> Problem to work on: Only the lines below from the one that holds "Tuesday (April 1st): Mostly" through the one that holds "李凯 教授 九游会在线登录官网创新论坛第一千六百一十三讲:金属卡宾配合物—分子设计与OLED应用" should appear in the answer, copied exactly, end lines included and pictures omitted.

> Available data:
####

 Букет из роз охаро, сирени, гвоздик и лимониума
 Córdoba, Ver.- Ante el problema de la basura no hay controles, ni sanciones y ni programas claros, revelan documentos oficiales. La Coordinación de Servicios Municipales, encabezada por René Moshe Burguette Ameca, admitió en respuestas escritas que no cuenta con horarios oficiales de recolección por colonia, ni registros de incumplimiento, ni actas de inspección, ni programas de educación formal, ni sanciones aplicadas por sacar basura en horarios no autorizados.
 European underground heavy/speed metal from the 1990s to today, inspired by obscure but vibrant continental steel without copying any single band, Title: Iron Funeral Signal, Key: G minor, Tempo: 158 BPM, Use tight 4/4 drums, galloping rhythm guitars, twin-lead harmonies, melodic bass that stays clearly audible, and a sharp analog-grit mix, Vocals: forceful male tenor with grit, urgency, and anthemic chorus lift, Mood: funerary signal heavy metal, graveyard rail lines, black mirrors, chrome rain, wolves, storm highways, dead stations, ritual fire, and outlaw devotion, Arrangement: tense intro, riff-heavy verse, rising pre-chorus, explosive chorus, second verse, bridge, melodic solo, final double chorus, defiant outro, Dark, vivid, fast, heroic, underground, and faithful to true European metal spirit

####

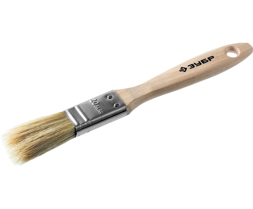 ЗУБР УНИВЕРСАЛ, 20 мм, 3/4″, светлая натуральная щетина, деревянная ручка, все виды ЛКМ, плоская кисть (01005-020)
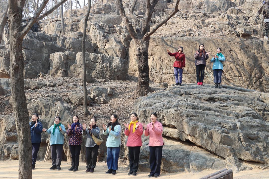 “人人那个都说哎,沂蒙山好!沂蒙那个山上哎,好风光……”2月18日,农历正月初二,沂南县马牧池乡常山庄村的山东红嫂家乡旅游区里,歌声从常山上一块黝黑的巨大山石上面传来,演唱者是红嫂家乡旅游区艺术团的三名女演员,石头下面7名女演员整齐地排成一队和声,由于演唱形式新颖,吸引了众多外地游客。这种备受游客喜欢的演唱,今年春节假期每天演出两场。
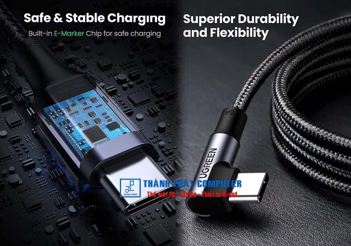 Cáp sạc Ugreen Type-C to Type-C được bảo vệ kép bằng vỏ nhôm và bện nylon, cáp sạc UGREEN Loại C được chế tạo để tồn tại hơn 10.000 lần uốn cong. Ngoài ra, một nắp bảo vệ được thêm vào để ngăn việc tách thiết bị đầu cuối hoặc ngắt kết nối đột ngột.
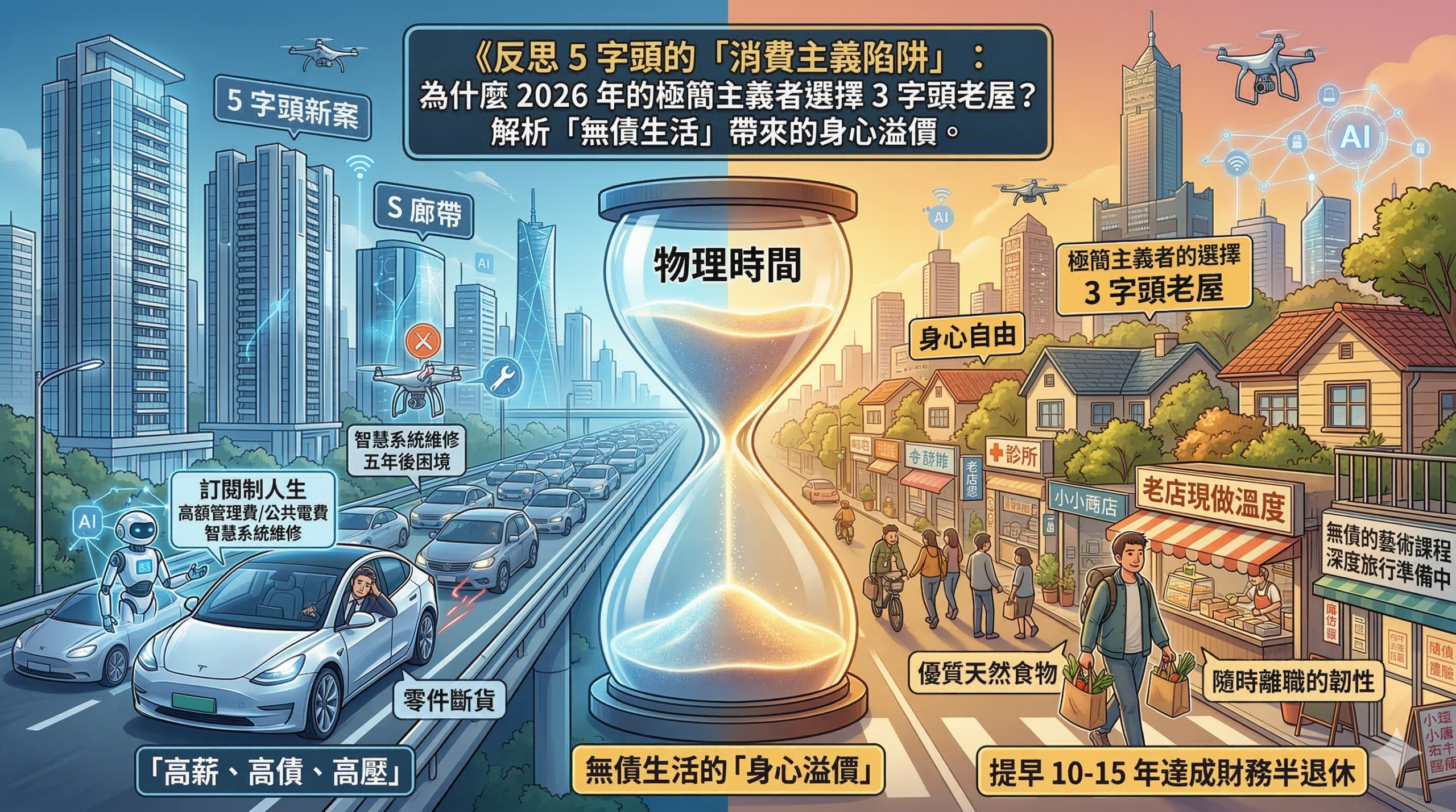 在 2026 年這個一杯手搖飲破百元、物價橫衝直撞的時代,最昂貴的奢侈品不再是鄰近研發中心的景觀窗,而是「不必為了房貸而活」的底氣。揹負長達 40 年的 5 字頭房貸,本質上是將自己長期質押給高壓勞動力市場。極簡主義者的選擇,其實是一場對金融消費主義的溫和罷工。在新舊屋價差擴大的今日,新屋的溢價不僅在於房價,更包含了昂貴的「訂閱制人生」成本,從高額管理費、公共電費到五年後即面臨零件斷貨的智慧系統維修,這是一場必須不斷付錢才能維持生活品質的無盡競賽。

####

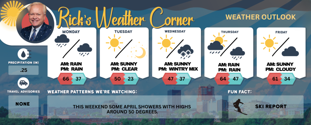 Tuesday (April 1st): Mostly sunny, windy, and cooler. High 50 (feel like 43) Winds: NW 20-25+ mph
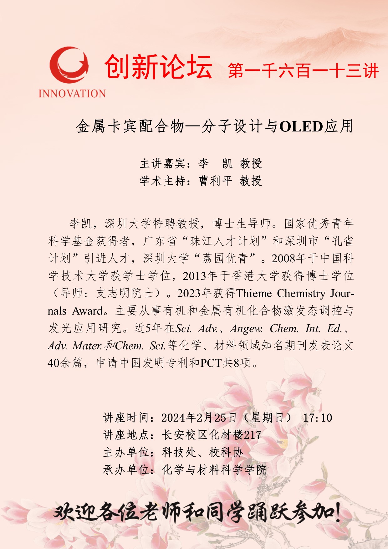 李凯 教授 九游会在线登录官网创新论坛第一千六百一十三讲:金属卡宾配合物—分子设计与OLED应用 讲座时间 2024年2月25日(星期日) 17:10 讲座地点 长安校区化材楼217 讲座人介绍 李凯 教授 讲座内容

####

> Result below:
 Tuesday (April 1st): Mostly sunny, windy, and cooler. High 50 (feel like 43) Winds: NW 20-25+ mph
 李凯 教授 九游会在线登录官网创新论坛第一千六百一十三讲:金属卡宾配合物—分子设计与OLED应用 讲座时间 2024年2月25日(星期日) 17:10 讲座地点 长安校区化材楼217 讲座人介绍 李凯 教授 讲座内容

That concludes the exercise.